MORRIS – The hot water tank in Saratoga Tower – located directly over residents’ apartments – has sprung a leak, causing officials with the Grundy County Housing Authority to fear residents’ homes could be in danger if it worsens.
“The tank holds about 450 gallons of water,” said Nick Ragland, vice president of Facilities with the housing authority. “It has had some minor leaks, which I was able to handle.”
Ragland said he created a gutter system to take the dripping water from under the tank to a drain located in the floor a few feet away, but this is only a temporary fix.

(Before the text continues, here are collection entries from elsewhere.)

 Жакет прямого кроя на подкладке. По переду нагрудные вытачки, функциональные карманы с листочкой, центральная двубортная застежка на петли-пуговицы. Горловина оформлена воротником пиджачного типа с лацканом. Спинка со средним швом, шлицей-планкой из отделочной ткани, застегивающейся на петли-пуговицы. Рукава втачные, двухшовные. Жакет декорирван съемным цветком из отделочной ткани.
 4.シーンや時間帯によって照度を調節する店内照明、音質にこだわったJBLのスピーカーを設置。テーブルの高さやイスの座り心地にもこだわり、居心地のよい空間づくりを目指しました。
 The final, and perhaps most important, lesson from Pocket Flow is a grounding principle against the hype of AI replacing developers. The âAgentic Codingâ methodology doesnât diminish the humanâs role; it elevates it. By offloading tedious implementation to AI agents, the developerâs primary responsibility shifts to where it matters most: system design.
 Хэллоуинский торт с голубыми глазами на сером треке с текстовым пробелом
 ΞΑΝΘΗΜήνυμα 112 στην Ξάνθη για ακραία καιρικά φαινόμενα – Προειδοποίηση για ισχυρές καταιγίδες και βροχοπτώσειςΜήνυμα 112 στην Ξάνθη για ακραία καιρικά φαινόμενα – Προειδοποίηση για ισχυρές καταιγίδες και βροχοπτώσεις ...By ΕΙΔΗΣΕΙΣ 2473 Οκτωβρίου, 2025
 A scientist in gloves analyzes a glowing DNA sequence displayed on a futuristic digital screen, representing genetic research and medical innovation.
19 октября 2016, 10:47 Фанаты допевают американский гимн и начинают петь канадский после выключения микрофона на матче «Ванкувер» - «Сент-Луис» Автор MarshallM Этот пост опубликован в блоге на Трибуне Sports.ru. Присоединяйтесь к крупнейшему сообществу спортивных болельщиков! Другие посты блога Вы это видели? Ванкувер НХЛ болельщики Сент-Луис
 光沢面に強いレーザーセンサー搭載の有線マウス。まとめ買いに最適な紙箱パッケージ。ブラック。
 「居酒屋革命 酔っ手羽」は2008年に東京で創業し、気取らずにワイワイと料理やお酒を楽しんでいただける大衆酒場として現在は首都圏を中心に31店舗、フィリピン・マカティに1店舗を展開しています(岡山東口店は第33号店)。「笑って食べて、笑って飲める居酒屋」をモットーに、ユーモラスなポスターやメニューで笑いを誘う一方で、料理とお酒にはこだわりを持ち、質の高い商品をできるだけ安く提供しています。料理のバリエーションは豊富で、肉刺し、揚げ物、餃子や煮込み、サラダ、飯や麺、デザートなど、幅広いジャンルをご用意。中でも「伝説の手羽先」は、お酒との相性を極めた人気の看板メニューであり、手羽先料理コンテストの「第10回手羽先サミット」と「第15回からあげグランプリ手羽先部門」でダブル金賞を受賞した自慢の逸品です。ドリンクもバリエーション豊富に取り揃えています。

The fear is if the tank – which is on the seventh floor – starts to leak more or completely gives way, the hundreds of gallons of water it holds will flood down into the apartments below.
“This is like a nightmare,” Ragland said. “A lot of people would have damage, and we would be responsible to house them elsewhere.”
Ragland said he has seen the damage caused just from water overflowing a bathtub, and he can’t imagine the extent of damage from more than 400 gallons of water.
Brent Newman, CEO of GCHA, said the agency is required under the federal relocation act to house tenants until the problem can be fixed, which would add additional costs to the already significant cost of replacing the tank.
“This is an instance of an ounce of prevention is worth a pound of cure,” Newman said.
The tank is necessary to hold the hot water for resident use. The building’s hot water supply comes from two hot water heaters – one of which isn’t working – that wouldn’t be able to keep up the demand of the 95 units in the building.
The leak is on the underside of the large glass-lined metal tank, which sits just inches off the floor, making it inaccessible to try to fix.
Replacement of the custom-built tank is estimated at $24,000, money the GCHA does not have.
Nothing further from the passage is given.